§ WORK TO COMPLETE: Reproduce exactly the lines of this material that begin at the line with "Harley Davidson Museum women's" and end at the line with "Handmade Patchwork Pouffe", both included. Omit the pictures and everything else.

§ THE RECORDS:
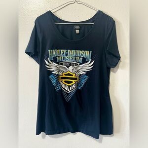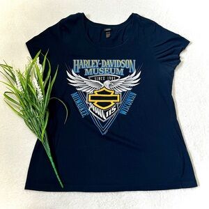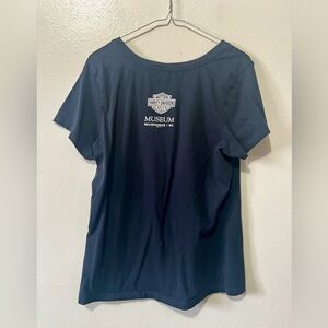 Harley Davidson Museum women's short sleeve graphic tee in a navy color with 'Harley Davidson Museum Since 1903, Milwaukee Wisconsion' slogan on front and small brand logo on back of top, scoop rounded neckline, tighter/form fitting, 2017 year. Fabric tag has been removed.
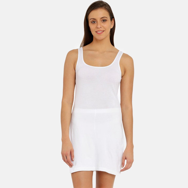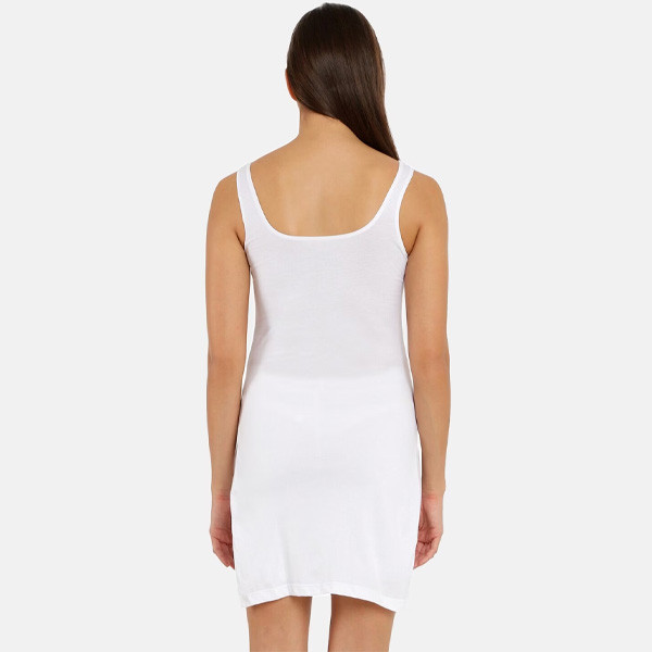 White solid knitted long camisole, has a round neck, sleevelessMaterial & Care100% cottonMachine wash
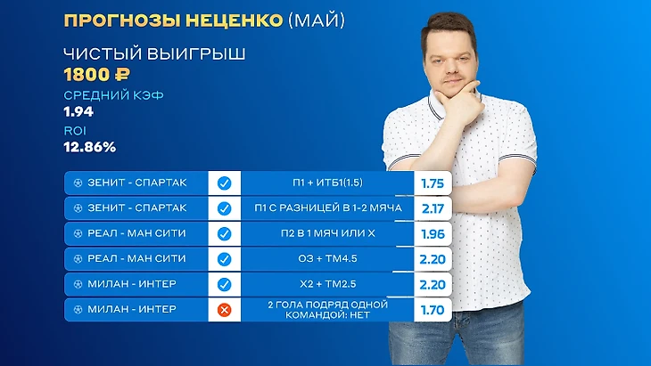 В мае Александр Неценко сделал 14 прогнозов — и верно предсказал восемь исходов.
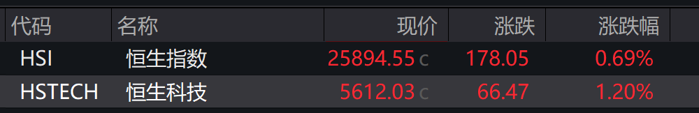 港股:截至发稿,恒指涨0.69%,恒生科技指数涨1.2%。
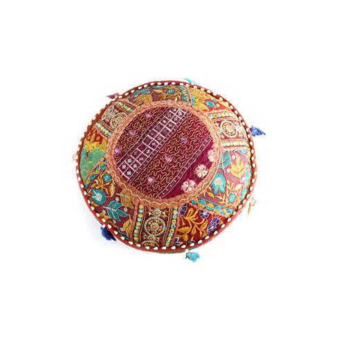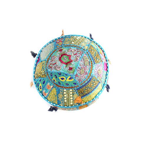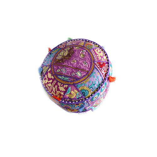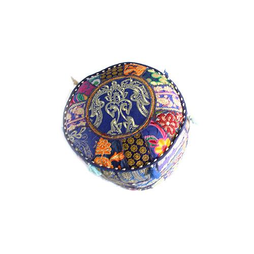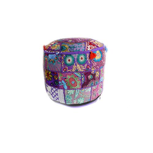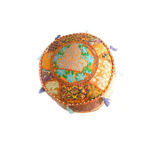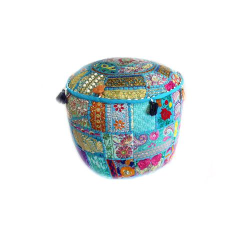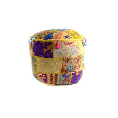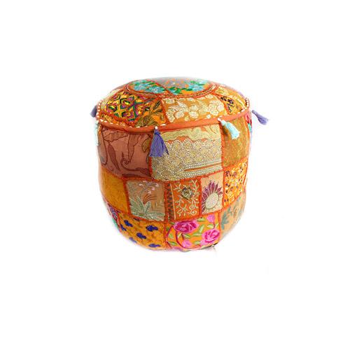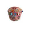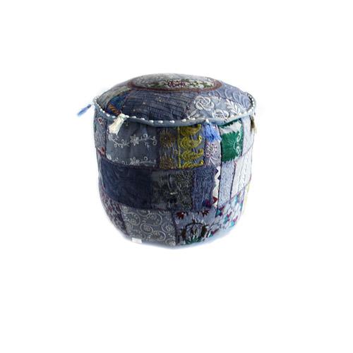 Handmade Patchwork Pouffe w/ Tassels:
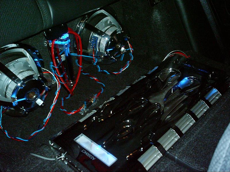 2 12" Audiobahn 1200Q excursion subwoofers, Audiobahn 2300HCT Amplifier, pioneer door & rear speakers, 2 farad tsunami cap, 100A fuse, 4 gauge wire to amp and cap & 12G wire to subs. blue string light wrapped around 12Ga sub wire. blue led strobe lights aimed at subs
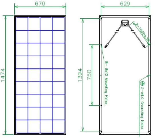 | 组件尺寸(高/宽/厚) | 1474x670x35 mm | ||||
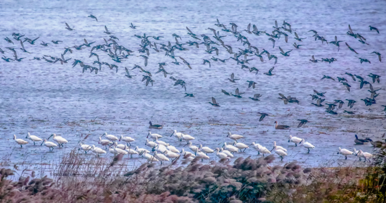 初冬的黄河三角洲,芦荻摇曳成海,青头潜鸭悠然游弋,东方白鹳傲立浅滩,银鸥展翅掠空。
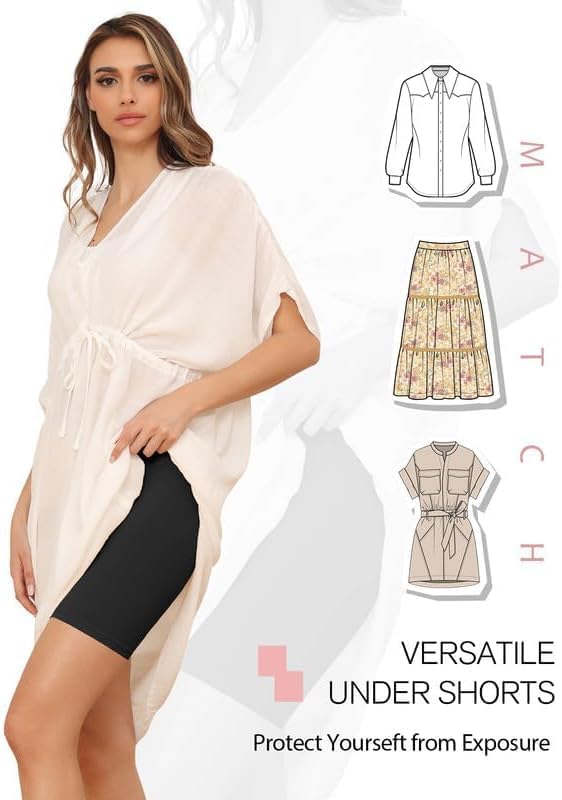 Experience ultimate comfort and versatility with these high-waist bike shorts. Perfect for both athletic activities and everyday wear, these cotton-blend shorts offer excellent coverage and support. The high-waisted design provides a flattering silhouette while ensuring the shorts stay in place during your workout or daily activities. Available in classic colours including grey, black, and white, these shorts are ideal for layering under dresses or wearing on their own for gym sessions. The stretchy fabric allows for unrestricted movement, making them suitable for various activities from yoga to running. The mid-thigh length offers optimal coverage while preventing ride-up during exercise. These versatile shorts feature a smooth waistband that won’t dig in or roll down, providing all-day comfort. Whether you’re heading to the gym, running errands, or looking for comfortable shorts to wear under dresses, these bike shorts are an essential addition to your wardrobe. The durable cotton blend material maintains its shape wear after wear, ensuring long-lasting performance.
* * *
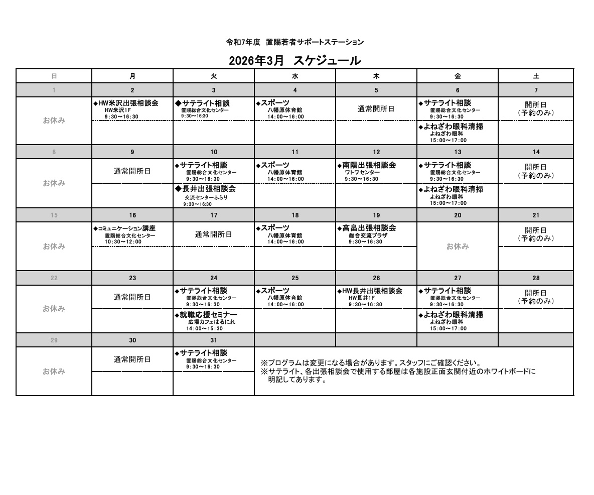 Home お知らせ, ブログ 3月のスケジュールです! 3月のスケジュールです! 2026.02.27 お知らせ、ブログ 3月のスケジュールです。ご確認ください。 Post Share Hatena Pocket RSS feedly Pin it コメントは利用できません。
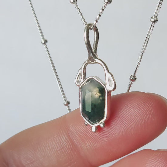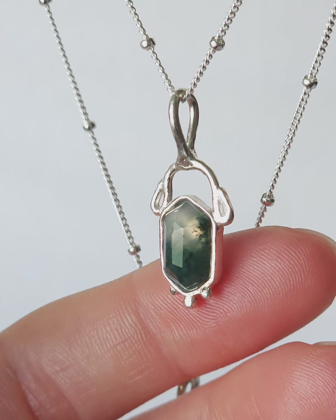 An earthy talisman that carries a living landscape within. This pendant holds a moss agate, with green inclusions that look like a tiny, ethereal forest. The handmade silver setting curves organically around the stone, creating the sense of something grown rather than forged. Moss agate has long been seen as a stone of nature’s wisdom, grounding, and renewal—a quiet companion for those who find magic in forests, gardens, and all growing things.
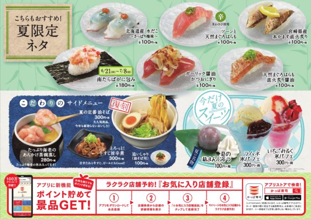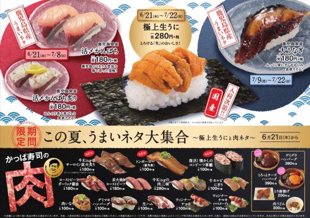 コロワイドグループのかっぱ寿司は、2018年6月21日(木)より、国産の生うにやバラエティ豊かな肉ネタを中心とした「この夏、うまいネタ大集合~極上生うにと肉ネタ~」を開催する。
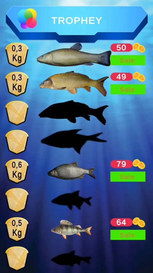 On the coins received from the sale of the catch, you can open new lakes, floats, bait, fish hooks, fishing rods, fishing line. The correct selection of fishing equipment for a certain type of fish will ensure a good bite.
==
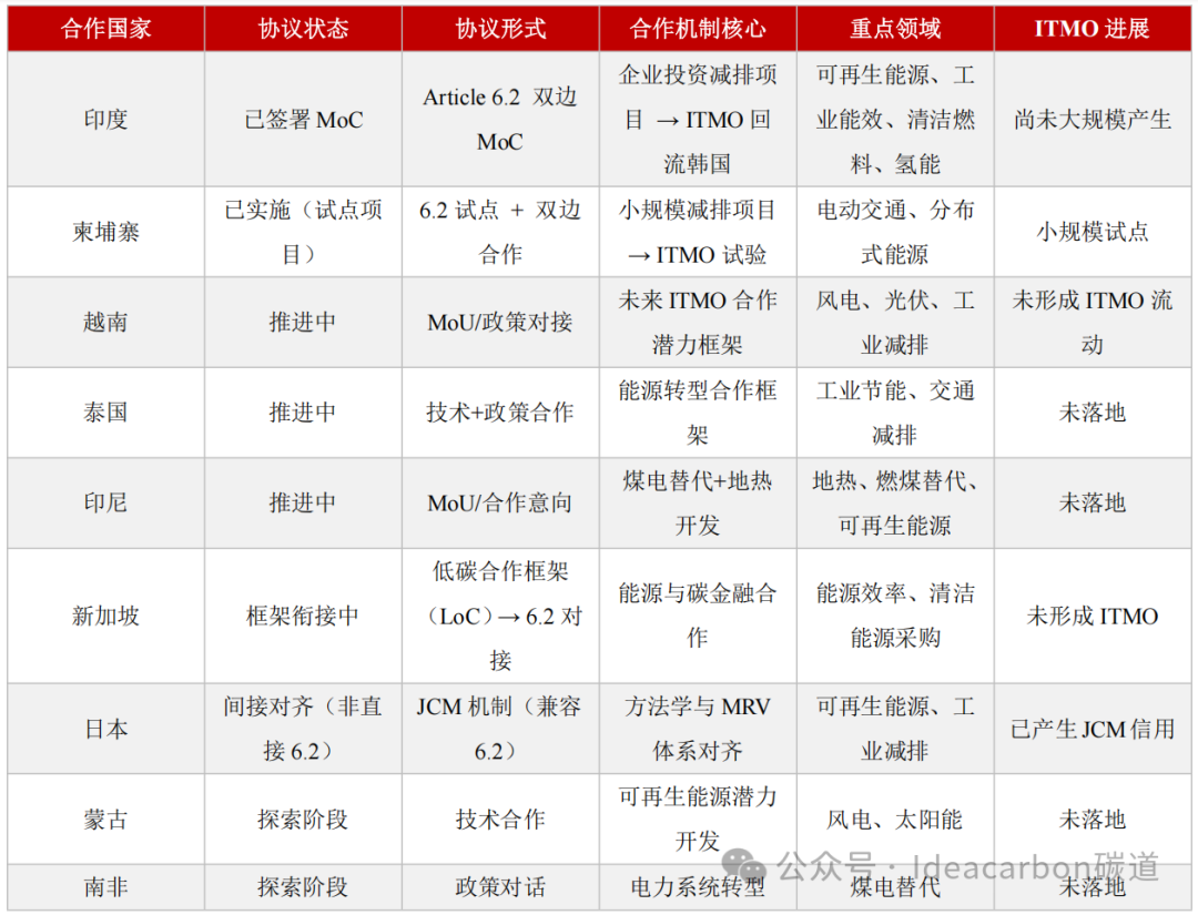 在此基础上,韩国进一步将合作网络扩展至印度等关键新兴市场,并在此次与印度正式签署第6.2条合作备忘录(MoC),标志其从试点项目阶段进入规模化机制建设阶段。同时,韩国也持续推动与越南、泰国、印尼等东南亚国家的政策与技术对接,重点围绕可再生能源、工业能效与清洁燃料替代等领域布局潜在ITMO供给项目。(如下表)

§ SOLUTION FOR THIS TASK:
 Harley Davidson Museum women's short sleeve graphic tee in a navy color with 'Harley Davidson Museum Since 1903, Milwaukee Wisconsion' slogan on front and small brand logo on back of top, scoop rounded neckline, tighter/form fitting, 2017 year. Fabric tag has been removed.
 White solid knitted long camisole, has a round neck, sleevelessMaterial & Care100% cottonMachine wash
 В мае Александр Неценко сделал 14 прогнозов — и верно предсказал восемь исходов.
 港股:截至发稿,恒指涨0.69%,恒生科技指数涨1.2%。
 Handmade Patchwork Pouffe w/ Tassels:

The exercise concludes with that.